TASK ITEM: Retype exactly the span of lines below from the one with "Boho floral quinceanera" through the one with "Woman in Turquoise". Do not include pictures.

SUPPLIED DATA:
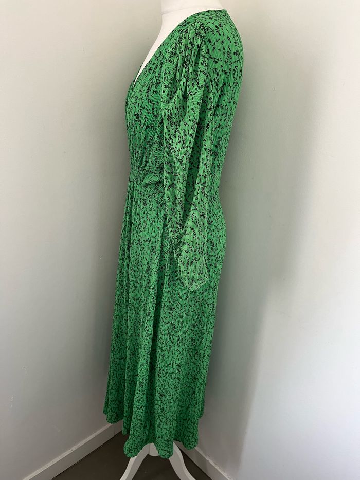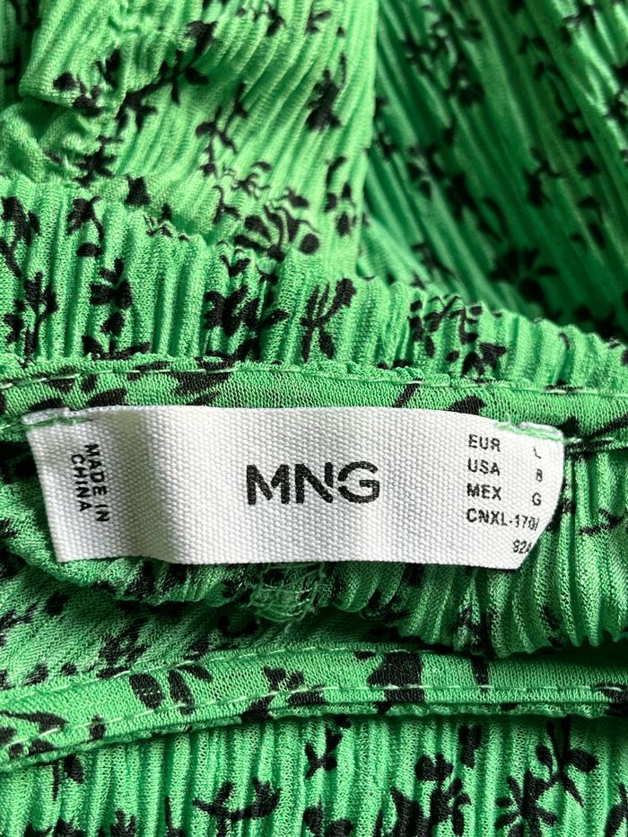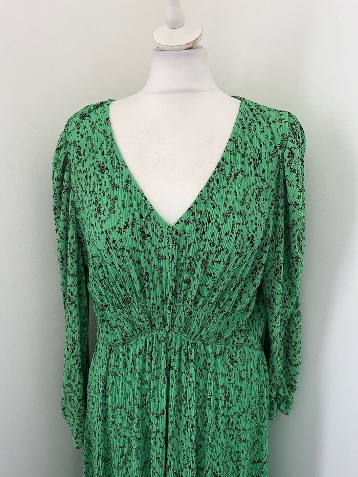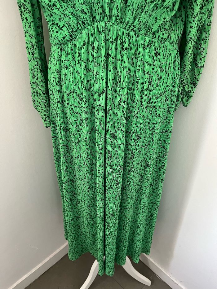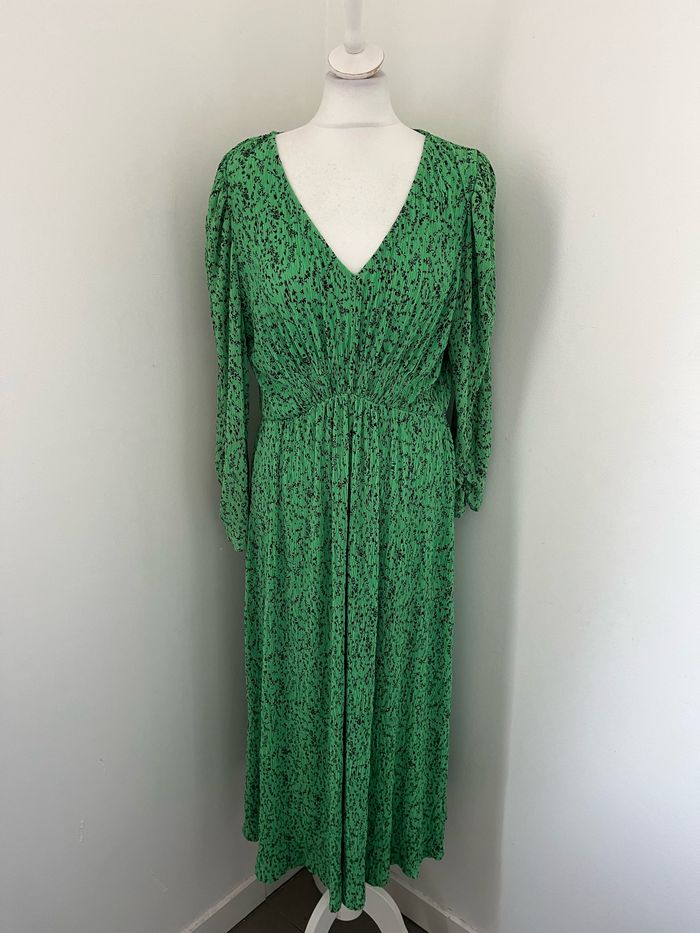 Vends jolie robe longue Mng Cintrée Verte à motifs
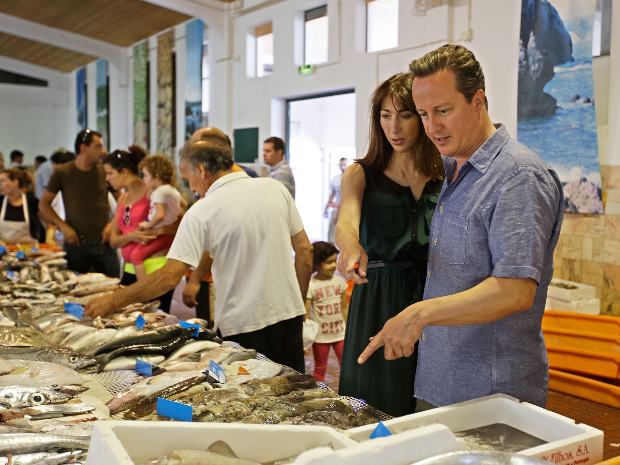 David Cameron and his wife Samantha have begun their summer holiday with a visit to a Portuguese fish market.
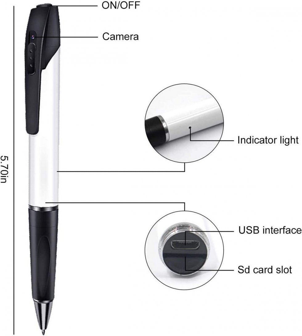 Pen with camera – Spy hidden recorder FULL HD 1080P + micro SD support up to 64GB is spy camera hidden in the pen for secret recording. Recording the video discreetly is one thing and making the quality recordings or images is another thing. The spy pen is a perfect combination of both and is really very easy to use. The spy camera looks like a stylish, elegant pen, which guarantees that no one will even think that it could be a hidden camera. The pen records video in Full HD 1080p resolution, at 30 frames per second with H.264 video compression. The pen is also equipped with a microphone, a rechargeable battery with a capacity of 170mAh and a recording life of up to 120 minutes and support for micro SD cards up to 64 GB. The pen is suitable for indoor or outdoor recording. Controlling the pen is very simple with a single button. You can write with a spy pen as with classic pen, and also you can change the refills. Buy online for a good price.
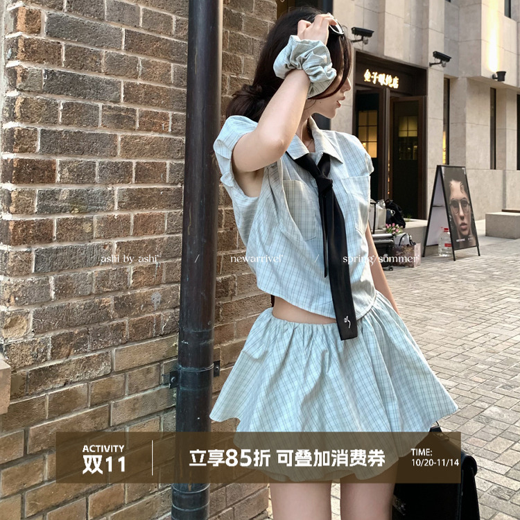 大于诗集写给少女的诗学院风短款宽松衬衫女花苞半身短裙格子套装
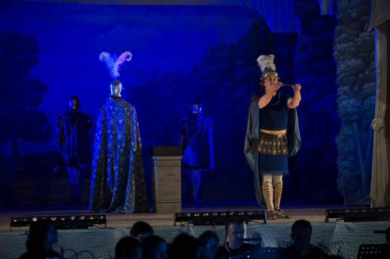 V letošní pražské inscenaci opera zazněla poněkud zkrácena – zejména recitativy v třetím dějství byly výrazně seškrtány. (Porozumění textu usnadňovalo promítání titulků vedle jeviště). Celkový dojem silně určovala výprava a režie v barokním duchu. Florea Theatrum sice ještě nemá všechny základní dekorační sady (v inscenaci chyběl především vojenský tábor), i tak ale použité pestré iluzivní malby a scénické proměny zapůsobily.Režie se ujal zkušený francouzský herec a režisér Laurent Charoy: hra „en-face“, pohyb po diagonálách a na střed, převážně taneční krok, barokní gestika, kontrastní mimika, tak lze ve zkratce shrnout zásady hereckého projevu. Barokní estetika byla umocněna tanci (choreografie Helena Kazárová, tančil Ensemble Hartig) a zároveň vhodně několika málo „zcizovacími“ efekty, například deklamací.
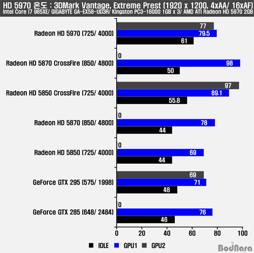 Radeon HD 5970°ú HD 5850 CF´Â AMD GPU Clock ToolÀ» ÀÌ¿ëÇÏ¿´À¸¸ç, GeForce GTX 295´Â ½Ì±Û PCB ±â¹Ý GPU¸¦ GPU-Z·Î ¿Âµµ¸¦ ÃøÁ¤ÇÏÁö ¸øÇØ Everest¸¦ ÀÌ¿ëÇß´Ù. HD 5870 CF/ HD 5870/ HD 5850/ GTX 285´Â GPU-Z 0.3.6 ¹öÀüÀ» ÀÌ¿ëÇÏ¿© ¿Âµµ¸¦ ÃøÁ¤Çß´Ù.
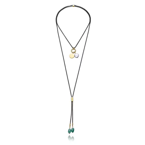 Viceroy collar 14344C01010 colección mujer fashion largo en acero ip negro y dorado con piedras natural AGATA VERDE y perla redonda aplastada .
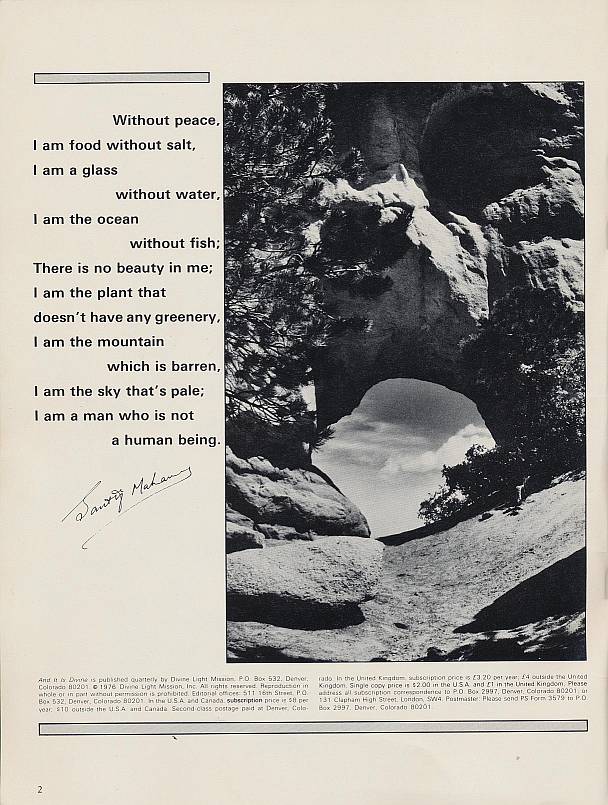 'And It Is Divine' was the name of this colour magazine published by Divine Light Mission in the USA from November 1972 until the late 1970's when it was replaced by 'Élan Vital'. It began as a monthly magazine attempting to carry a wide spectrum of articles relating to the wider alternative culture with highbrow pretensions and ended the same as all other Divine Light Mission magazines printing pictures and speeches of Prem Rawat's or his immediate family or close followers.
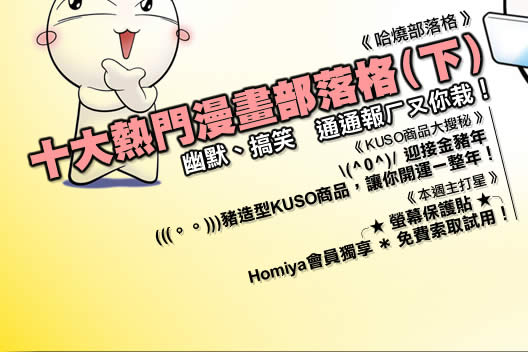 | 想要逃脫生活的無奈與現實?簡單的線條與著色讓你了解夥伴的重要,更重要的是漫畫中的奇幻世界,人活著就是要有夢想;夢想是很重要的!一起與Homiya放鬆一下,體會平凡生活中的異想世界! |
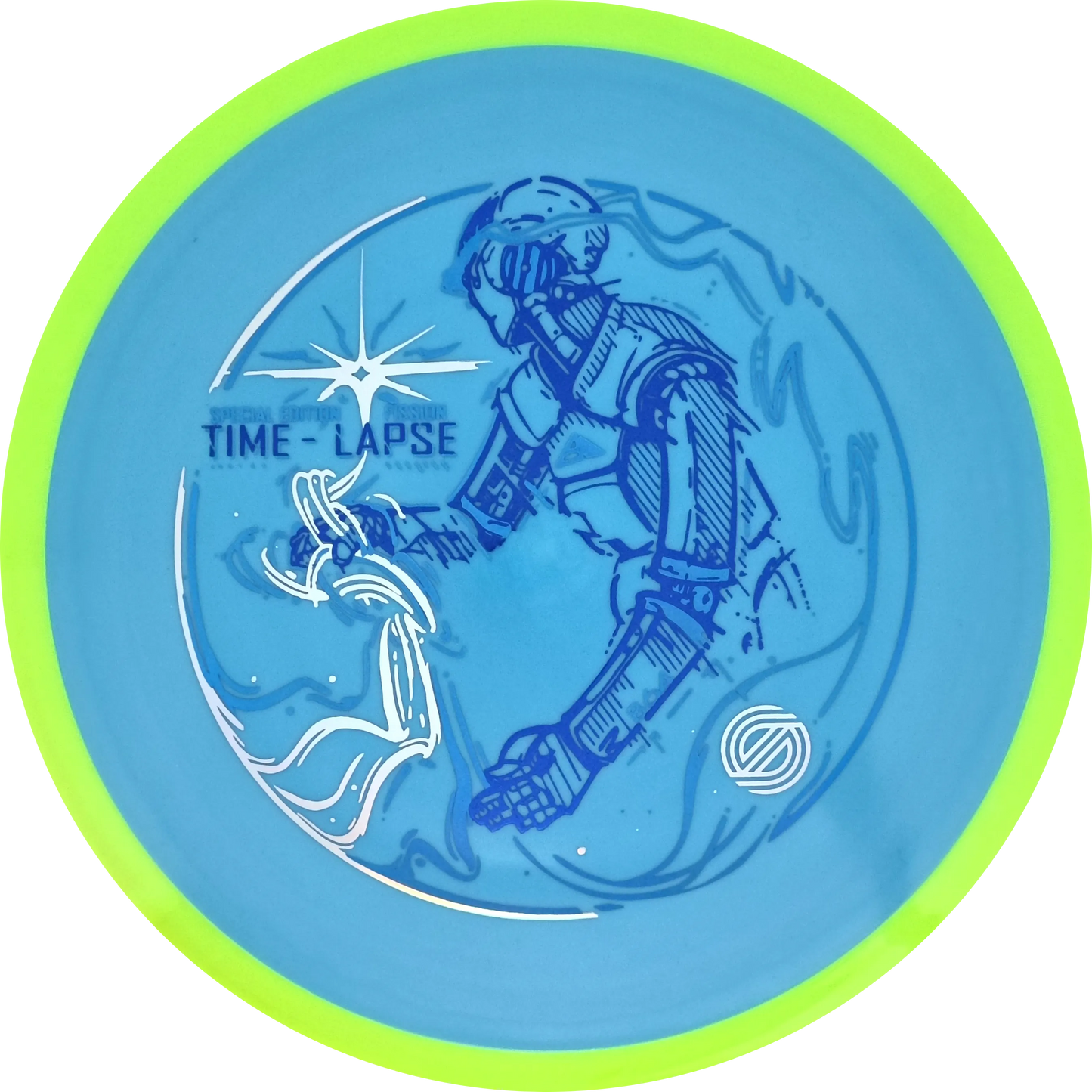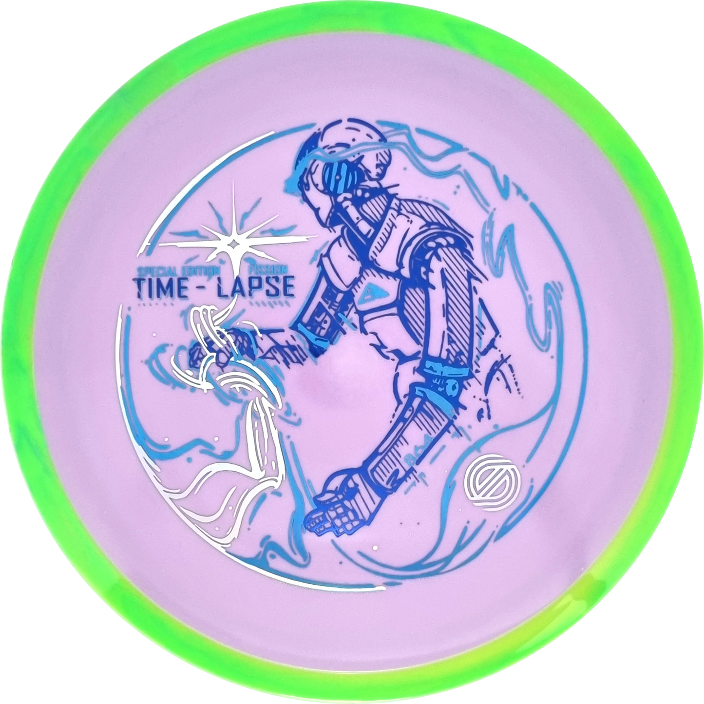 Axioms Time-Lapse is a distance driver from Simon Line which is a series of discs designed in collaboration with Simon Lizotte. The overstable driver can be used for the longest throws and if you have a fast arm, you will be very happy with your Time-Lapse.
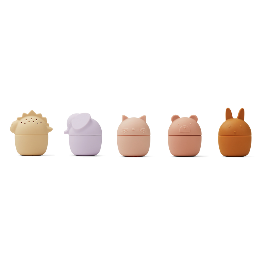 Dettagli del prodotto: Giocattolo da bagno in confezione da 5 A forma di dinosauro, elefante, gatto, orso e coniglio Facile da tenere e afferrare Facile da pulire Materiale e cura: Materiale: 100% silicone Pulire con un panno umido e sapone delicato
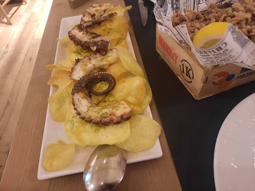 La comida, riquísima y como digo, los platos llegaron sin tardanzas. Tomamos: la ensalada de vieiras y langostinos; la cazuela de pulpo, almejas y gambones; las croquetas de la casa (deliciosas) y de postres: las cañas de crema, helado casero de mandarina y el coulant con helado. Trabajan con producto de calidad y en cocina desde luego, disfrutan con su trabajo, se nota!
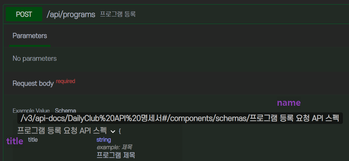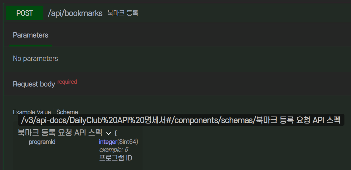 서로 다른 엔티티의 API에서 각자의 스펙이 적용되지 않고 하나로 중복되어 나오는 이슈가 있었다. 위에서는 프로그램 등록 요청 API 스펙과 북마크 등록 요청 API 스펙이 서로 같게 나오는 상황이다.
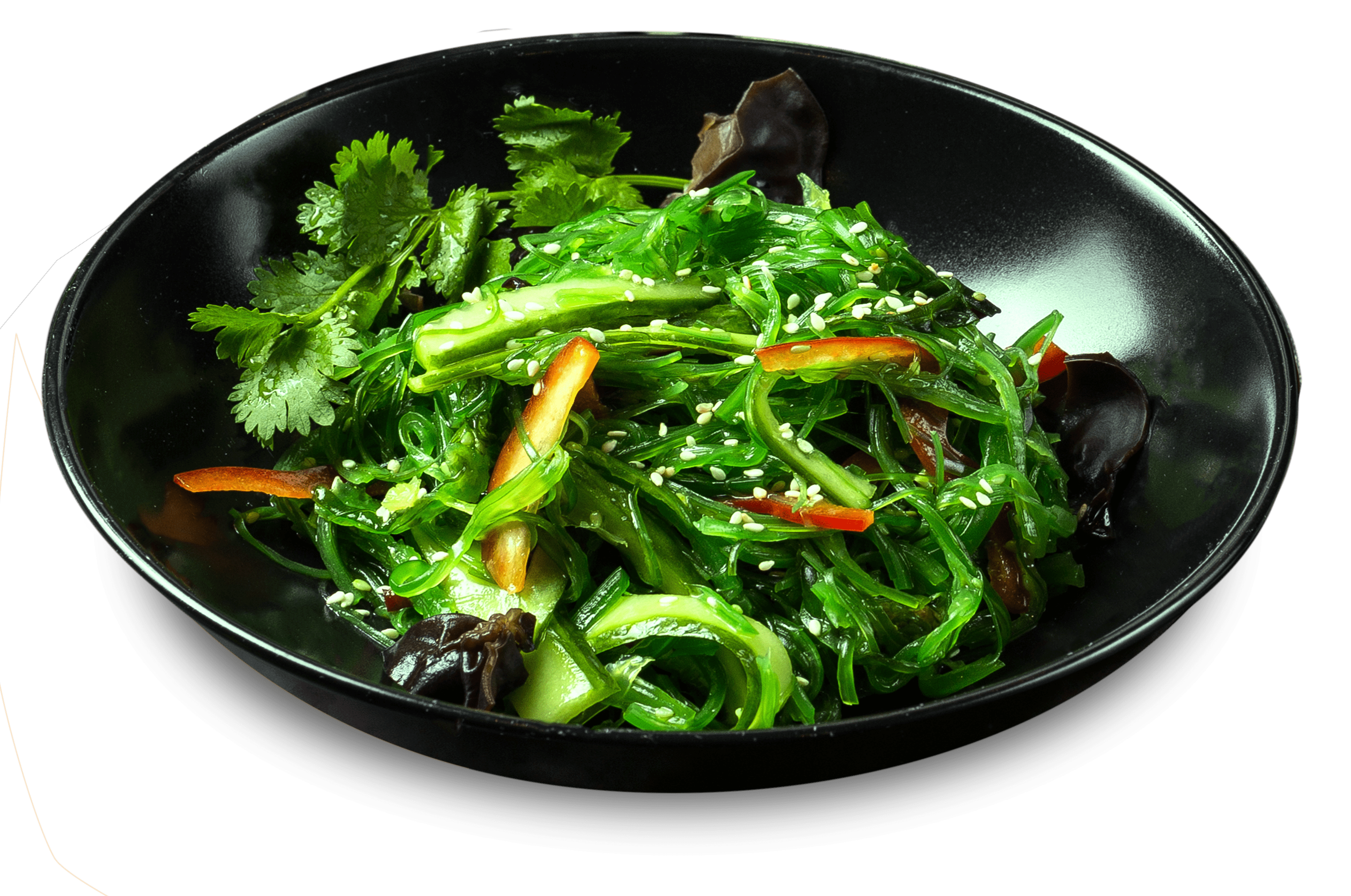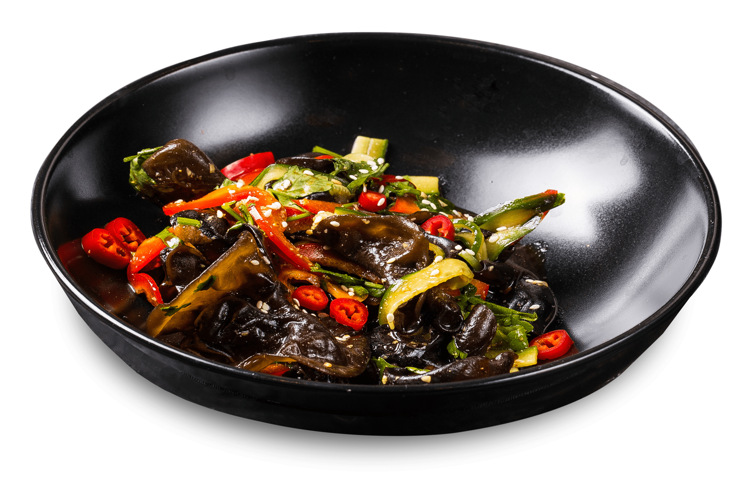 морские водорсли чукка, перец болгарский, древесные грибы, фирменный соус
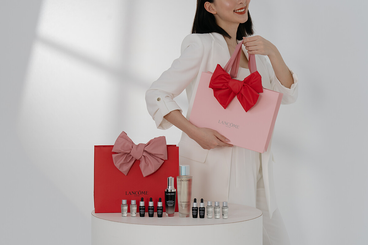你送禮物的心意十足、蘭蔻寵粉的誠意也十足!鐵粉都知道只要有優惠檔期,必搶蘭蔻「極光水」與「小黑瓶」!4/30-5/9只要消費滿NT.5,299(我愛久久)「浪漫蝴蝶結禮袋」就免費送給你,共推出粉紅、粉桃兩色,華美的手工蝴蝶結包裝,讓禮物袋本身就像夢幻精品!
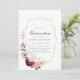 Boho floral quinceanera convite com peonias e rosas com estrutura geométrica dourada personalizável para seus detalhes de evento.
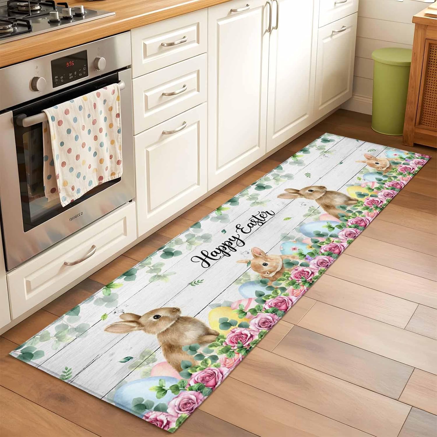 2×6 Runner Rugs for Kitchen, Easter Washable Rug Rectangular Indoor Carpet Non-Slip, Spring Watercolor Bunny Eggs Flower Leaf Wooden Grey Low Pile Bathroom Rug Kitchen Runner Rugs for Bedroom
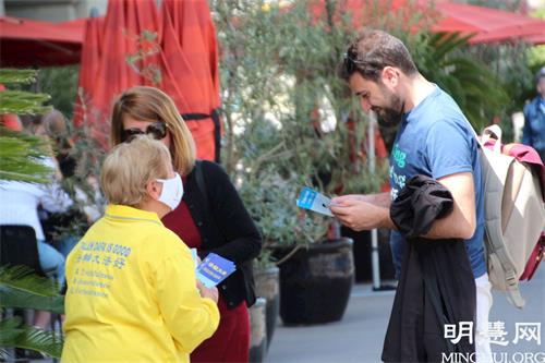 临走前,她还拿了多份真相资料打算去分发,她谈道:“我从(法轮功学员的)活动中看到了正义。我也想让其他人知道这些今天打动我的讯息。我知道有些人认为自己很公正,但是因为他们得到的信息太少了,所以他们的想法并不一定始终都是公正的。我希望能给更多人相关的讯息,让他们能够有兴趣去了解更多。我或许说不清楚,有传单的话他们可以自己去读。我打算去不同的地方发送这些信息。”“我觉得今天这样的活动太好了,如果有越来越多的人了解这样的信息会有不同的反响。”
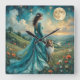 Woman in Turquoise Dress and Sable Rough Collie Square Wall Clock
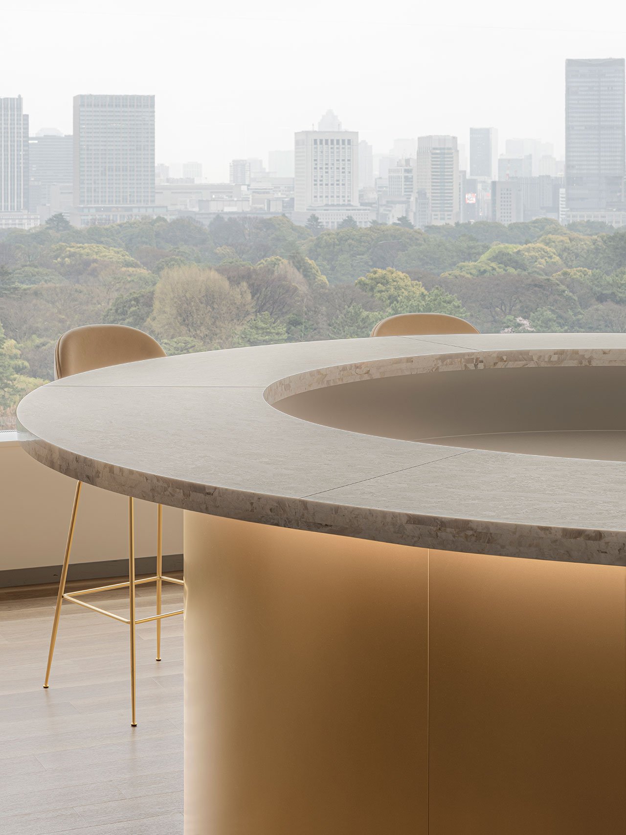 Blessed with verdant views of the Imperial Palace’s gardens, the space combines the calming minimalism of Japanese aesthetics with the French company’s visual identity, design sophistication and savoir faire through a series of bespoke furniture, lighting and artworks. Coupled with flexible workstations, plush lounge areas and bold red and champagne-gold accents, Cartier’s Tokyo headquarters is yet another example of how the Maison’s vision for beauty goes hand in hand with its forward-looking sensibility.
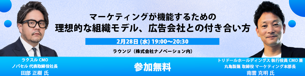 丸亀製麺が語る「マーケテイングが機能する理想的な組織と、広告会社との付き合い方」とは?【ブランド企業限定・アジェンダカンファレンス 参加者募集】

RESPONSE TO THIS TASK:
 Boho floral quinceanera convite com peonias e rosas com estrutura geométrica dourada personalizável para seus detalhes de evento.
 2×6 Runner Rugs for Kitchen, Easter Washable Rug Rectangular Indoor Carpet Non-Slip, Spring Watercolor Bunny Eggs Flower Leaf Wooden Grey Low Pile Bathroom Rug Kitchen Runner Rugs for Bedroom
 临走前,她还拿了多份真相资料打算去分发,她谈道:“我从(法轮功学员的)活动中看到了正义。我也想让其他人知道这些今天打动我的讯息。我知道有些人认为自己很公正,但是因为他们得到的信息太少了,所以他们的想法并不一定始终都是公正的。我希望能给更多人相关的讯息,让他们能够有兴趣去了解更多。我或许说不清楚,有传单的话他们可以自己去读。我打算去不同的地方发送这些信息。”“我觉得今天这样的活动太好了,如果有越来越多的人了解这样的信息会有不同的反响。”
 Woman in Turquoise Dress and Sable Rough Collie Square Wall Clock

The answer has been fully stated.